Required work — Exact copy, pictures excluded: write out every line below.

(Data extracted from a collection)

=== Section Start ===

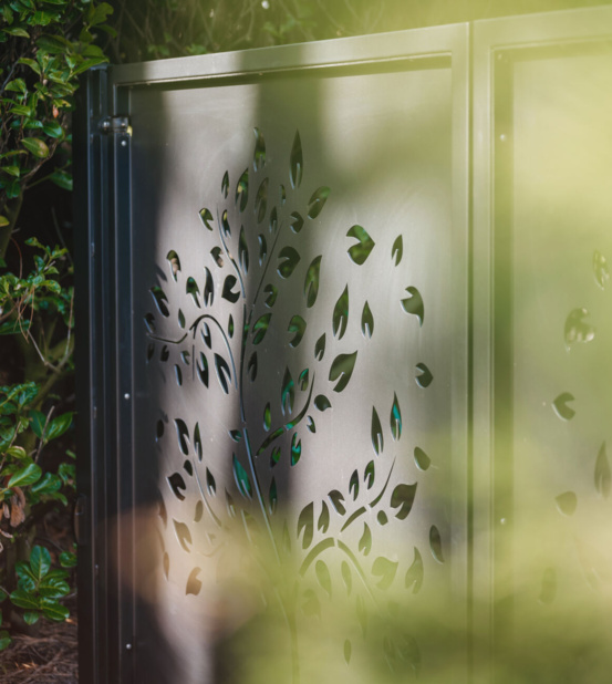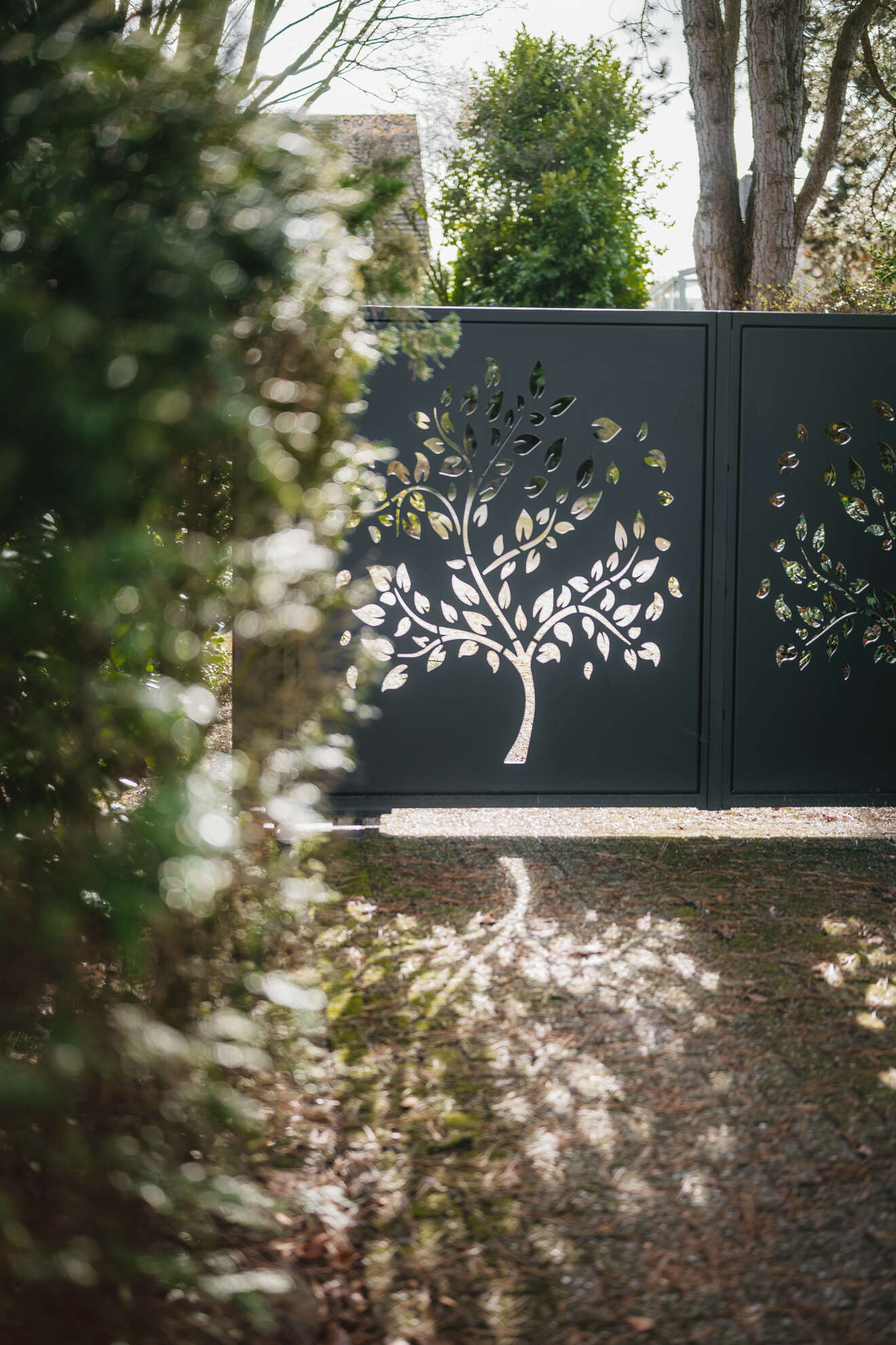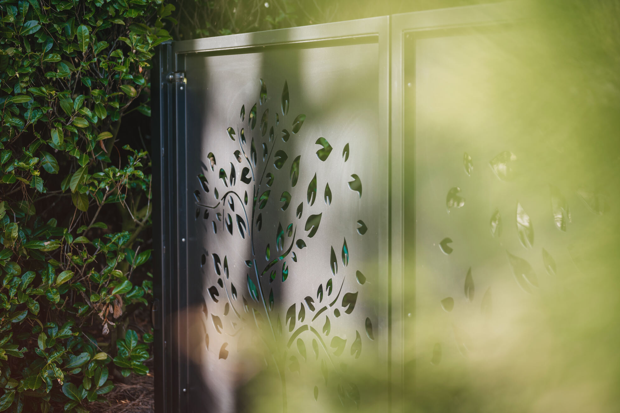De sierhekwerk poort is voorzien van een frame van koker 50×50 mm. In het frame een aluminium plaat die op maat wordt gelaserd door een lasermachine. De plaat wordt voorzien van het boom patroon. De poort kan in alle breedtes worden toegepast.
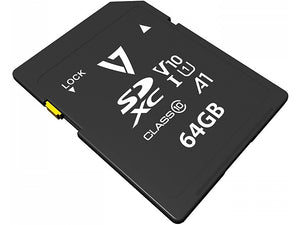 The new V7 64GB SDXC V10 U1 A1 CL10 4K UHD speed memory card is perfect for DSLRs and HD camcorders with their high capacities and high-speed data transfer rates to support 4K Full UHD videos. This easily transportable memory card is great for professional or personal use. The card features a 64GB capacity to fit your needs. Backed by a limited 5-year warranty, this reliable memory card provides peace of mind and freedom to transport your most precious data.
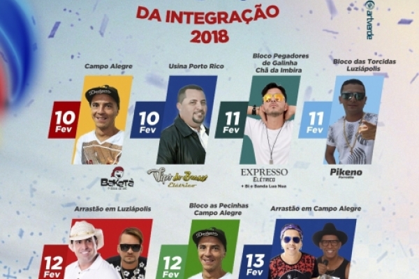 Confira a Programação Oficial do Carnaval da Integração 2018 em Campo Alegre
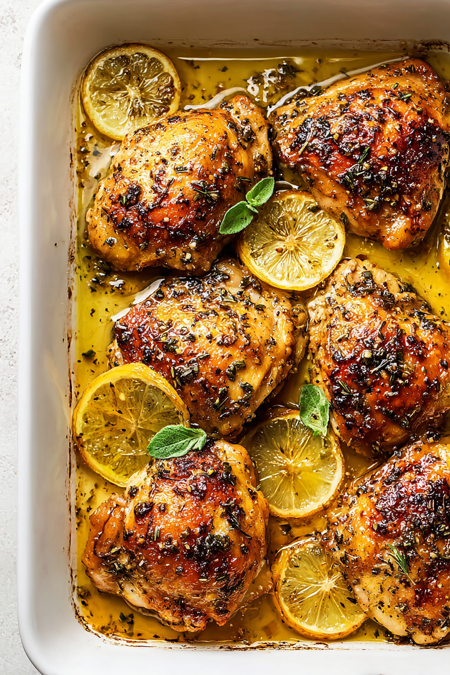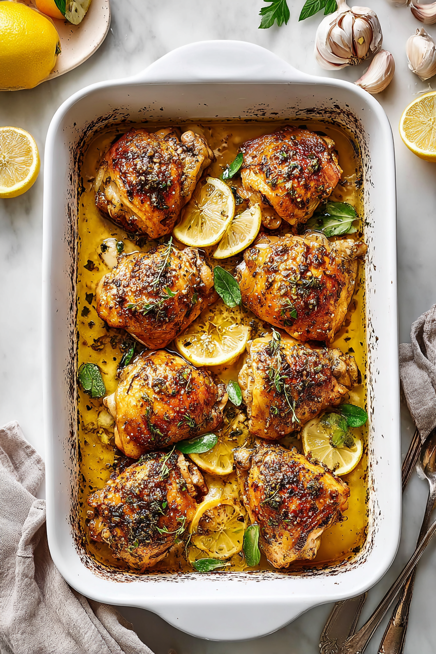 As it bakes, the kitchen fills with the aroma of citrus, garlic, and herbs, and the chicken emerges tender, golden, and deeply flavorful.
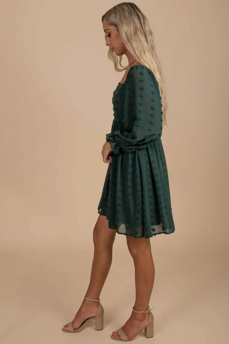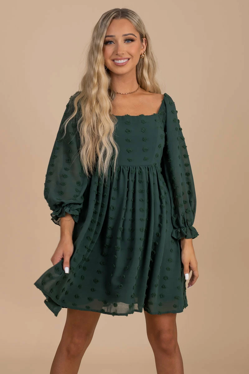 Our new Take Me Away Puff Sleeve Mini Dress is a closet staple! This stunning dress features a mini length with full lining, long puff sleeves, and a square neckline! The dark hunter green color and textured dot details offer such a timeless touch to this unique dress!
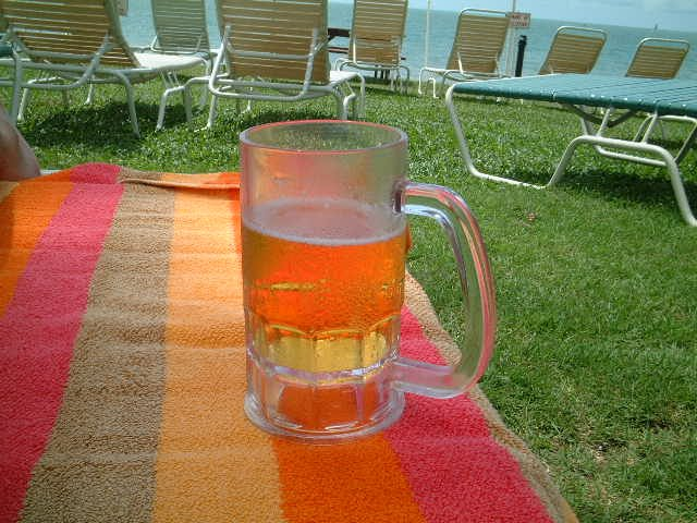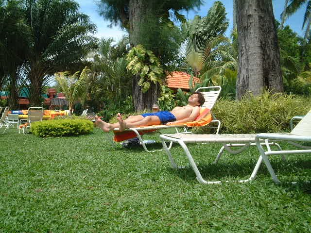カラフルなビーチタオルを借りて、ビーチマットでしばしくつろいだ。するとプールバーのスタッフがやってきて、「何か飲む?」と聞かれたので、迷わず口から「タイガービア!」と出てしまった。すると「カールスバーグなら1本頼むと1本フリーだよ。」と言われたので、これまた迷わず変更。結局1本タダかあ。こういうセールス方法は海外ではわりとあるようだ。おいしい冷たいビールを飲みながら、気持ちい海風を浴びて、裸でくつろぐ。これぞ、まさに最高のリゾートだ。
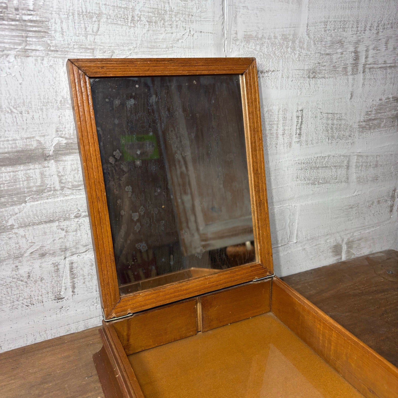 Solid wood, floral design jewelry box with mirror, some marks and spots on the mirror due to old age, 1.5” deep, 9.5” wide, 11” long
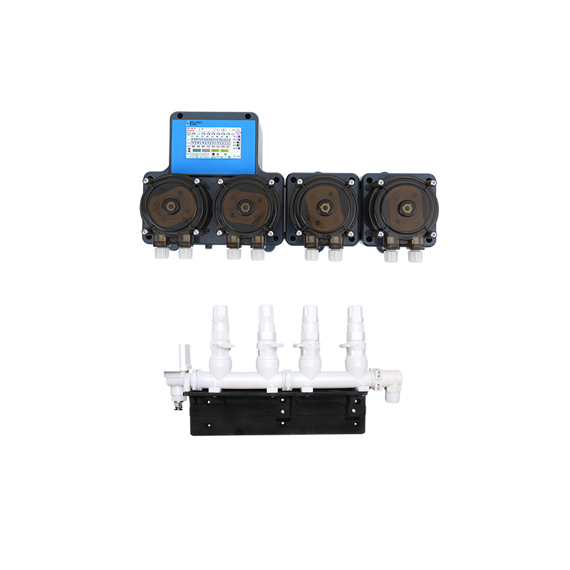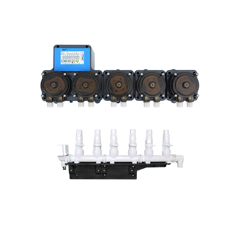 The YDY-MKHD-6B High-Flow Peristaltic Pump Modular Series is ideal for single large/medium commercial washing machines, with flow rates over 1L/min. It supports 2-8 chemicals for broader application flexibility. The high-flow peristaltic pump uses advanced PUM multifunctional guiding roller technology, which provides uniform, adaptive lubrication during squeezing—greatly boosting the pump tube’s wear and corrosion resistance. It also has an LCD color touchscreen system and optional patented quick-connect manifold, enabling one-touch access to status, data and calibration for a more streamlined, efficient user experience.
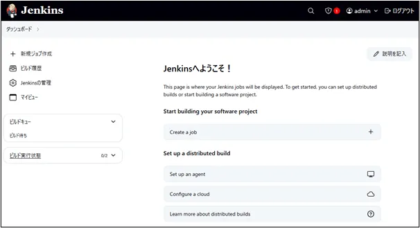 また、左側のメニューから「新規ジョブ作成」「Jenkinsの管理」などを選択できます。
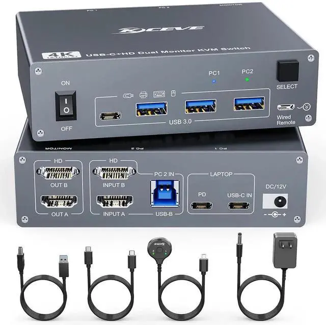 Support 2 Switching ModeThis Type-C USB-C 2 monitors 2 computers KVM switch support physical button and wired control. The wired control is upgraded, it's size is bigger and touch feel is more comfortable. By using the wired control you can hide the dual monitor KVM laptop and desktop under the table and keep the desk tidy.
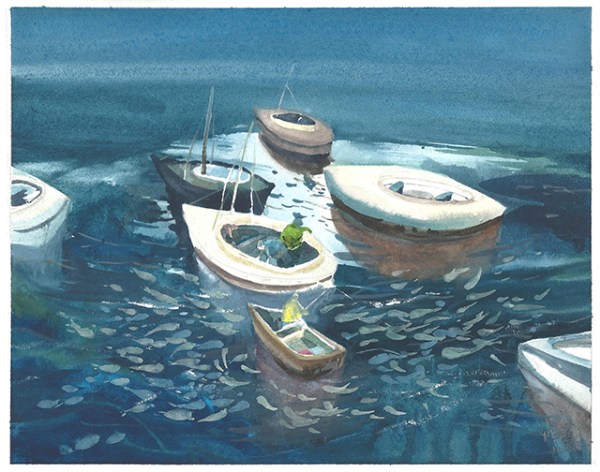 Fish Fish Fish, watercolour on paper, 21 x 26 cm, 2019. (Melbourne, Australia)
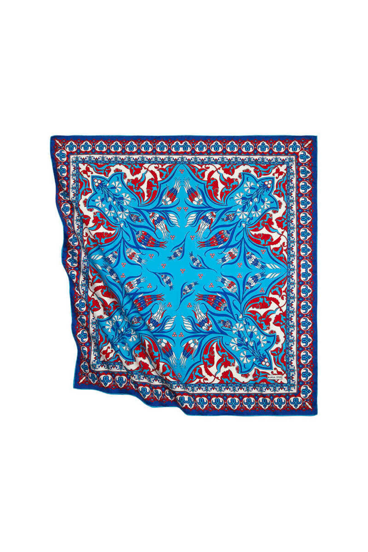 Lacivert Turkuaz Türk Motifli Çini Desen İpeksi Eşarp Lacivert Turkuaz Türk Motifli Çini Desen İpeksi Eşarp 8683433076112 90 x 90

=== Section End ===

Problem solution —
De sierhekwerk poort is voorzien van een frame van koker 50×50 mm. In het frame een aluminium plaat die op maat wordt gelaserd door een lasermachine. De plaat wordt voorzien van het boom patroon. De poort kan in alle breedtes worden toegepast.
 The new V7 64GB SDXC V10 U1 A1 CL10 4K UHD speed memory card is perfect for DSLRs and HD camcorders with their high capacities and high-speed data transfer rates to support 4K Full UHD videos. This easily transportable memory card is great for professional or personal use. The card features a 64GB capacity to fit your needs. Backed by a limited 5-year warranty, this reliable memory card provides peace of mind and freedom to transport your most precious data.
 Confira a Programação Oficial do Carnaval da Integração 2018 em Campo Alegre
 As it bakes, the kitchen fills with the aroma of citrus, garlic, and herbs, and the chicken emerges tender, golden, and deeply flavorful.
 Our new Take Me Away Puff Sleeve Mini Dress is a closet staple! This stunning dress features a mini length with full lining, long puff sleeves, and a square neckline! The dark hunter green color and textured dot details offer such a timeless touch to this unique dress!
カラフルなビーチタオルを借りて、ビーチマットでしばしくつろいだ。するとプールバーのスタッフがやってきて、「何か飲む?」と聞かれたので、迷わず口から「タイガービア!」と出てしまった。すると「カールスバーグなら1本頼むと1本フリーだよ。」と言われたので、これまた迷わず変更。結局1本タダかあ。こういうセールス方法は海外ではわりとあるようだ。おいしい冷たいビールを飲みながら、気持ちい海風を浴びて、裸でくつろぐ。これぞ、まさに最高のリゾートだ。
 Solid wood, floral design jewelry box with mirror, some marks and spots on the mirror due to old age, 1.5” deep, 9.5” wide, 11” long
 The YDY-MKHD-6B High-Flow Peristaltic Pump Modular Series is ideal for single large/medium commercial washing machines, with flow rates over 1L/min. It supports 2-8 chemicals for broader application flexibility. The high-flow peristaltic pump uses advanced PUM multifunctional guiding roller technology, which provides uniform, adaptive lubrication during squeezing—greatly boosting the pump tube’s wear and corrosion resistance. It also has an LCD color touchscreen system and optional patented quick-connect manifold, enabling one-touch access to status, data and calibration for a more streamlined, efficient user experience.
 また、左側のメニューから「新規ジョブ作成」「Jenkinsの管理」などを選択できます。
 Support 2 Switching ModeThis Type-C USB-C 2 monitors 2 computers KVM switch support physical button and wired control. The wired control is upgraded, it's size is bigger and touch feel is more comfortable. By using the wired control you can hide the dual monitor KVM laptop and desktop under the table and keep the desk tidy.
 Fish Fish Fish, watercolour on paper, 21 x 26 cm, 2019. (Melbourne, Australia)
 Lacivert Turkuaz Türk Motifli Çini Desen İpeksi Eşarp Lacivert Turkuaz Türk Motifli Çini Desen İpeksi Eşarp 8683433076112 90 x 90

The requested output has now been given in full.